=== EXERCISE DETAILS ===
If a line below falls between the line with "เสื้อฮู้ดซิปเต็มตัวผู้ชายแบบขายส่ง สั่งทำได้ สีพื้น" and the line with "海河对岸就是马来西亚的新山,建筑都是新建", or is one of those two, output it exactly; output nothing else and no pictures.

==== DATA TO USE

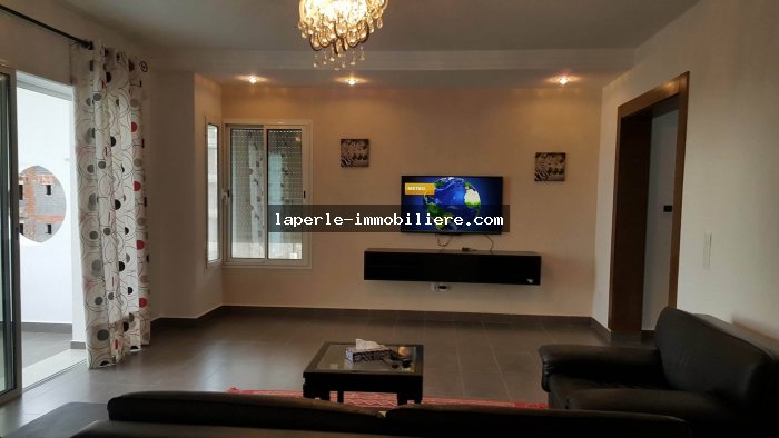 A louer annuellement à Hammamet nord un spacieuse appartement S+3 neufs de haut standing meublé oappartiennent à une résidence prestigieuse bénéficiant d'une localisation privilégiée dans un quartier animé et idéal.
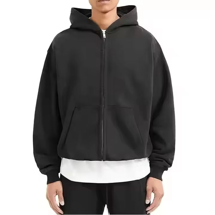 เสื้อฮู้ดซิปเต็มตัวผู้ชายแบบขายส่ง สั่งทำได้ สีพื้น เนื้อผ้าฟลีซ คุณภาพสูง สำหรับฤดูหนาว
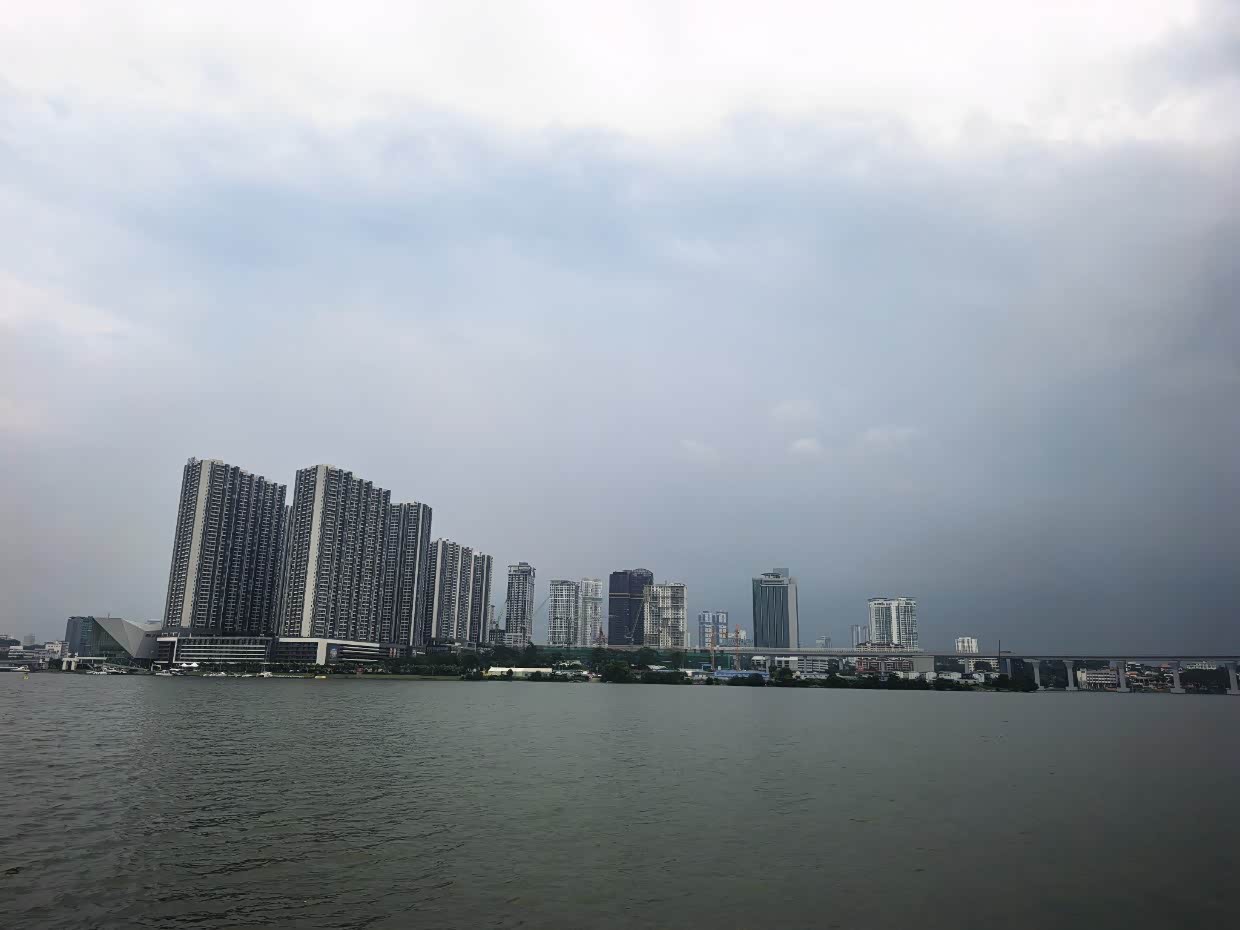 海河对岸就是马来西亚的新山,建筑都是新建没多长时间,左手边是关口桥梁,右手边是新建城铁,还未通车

========
==== DATA TO USE

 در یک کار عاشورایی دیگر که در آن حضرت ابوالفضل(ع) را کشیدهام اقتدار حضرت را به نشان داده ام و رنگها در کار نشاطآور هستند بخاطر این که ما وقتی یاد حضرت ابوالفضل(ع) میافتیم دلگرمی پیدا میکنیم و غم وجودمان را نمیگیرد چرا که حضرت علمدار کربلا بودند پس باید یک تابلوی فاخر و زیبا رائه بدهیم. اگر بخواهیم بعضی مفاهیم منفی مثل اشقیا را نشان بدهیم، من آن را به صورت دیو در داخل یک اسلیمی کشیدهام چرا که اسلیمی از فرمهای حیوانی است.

========

=== OUTPUT ===
 เสื้อฮู้ดซิปเต็มตัวผู้ชายแบบขายส่ง สั่งทำได้ สีพื้น เนื้อผ้าฟลีซ คุณภาพสูง สำหรับฤดูหนาว
 海河对岸就是马来西亚的新山,建筑都是新建没多长时间,左手边是关口桥梁,右手边是新建城铁,还未通车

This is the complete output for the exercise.